┌─ STORED DATA

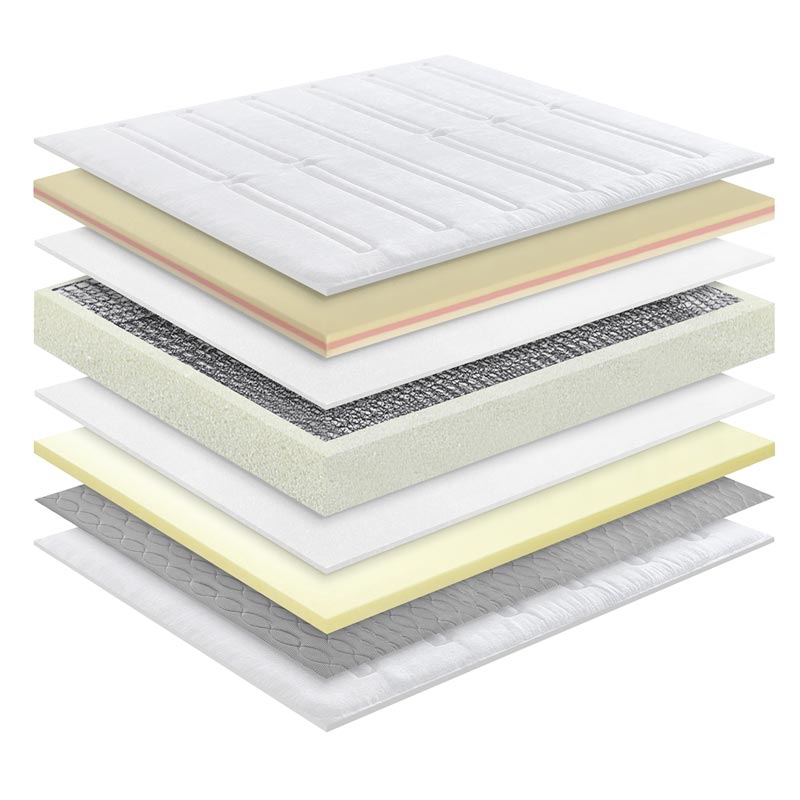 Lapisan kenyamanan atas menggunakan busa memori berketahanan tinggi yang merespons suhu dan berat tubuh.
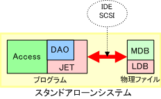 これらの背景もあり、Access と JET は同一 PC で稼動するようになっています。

└─
┌─ STORED DATA

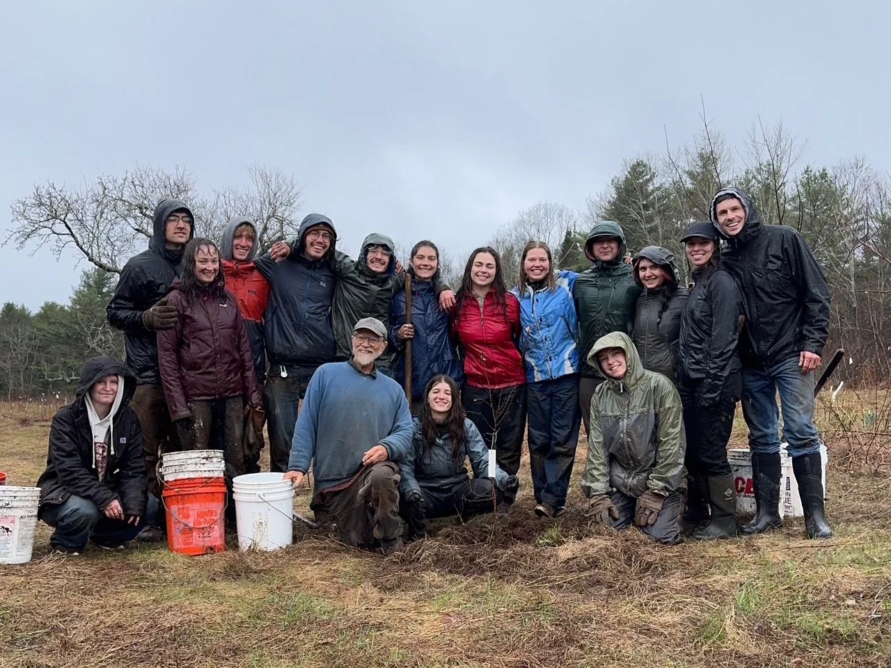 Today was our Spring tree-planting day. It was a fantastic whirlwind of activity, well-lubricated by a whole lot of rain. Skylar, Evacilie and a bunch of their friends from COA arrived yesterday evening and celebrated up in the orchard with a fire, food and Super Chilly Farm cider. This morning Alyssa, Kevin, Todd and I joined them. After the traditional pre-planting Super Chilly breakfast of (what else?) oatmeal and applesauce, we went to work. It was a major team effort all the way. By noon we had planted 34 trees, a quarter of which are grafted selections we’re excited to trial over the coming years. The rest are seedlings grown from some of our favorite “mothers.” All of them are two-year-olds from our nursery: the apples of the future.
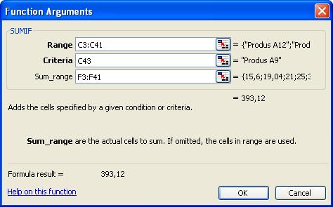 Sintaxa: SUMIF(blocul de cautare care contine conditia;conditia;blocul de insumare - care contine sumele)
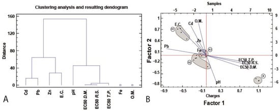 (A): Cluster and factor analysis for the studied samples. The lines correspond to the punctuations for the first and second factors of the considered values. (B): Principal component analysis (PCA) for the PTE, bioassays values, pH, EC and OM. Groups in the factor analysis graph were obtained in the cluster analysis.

└─

> _ACTIVITY_:
Give again the stretch of the entries above that begins at the line with "Lapisan kenyamanan atas" and ends at the line with "これらの背景もあり、Access と JET", word for word, with no pictures.

> _EXERCISE SOLUTION_:
 Lapisan kenyamanan atas menggunakan busa memori berketahanan tinggi yang merespons suhu dan berat tubuh.
 これらの背景もあり、Access と JET は同一 PC で稼動するようになっています。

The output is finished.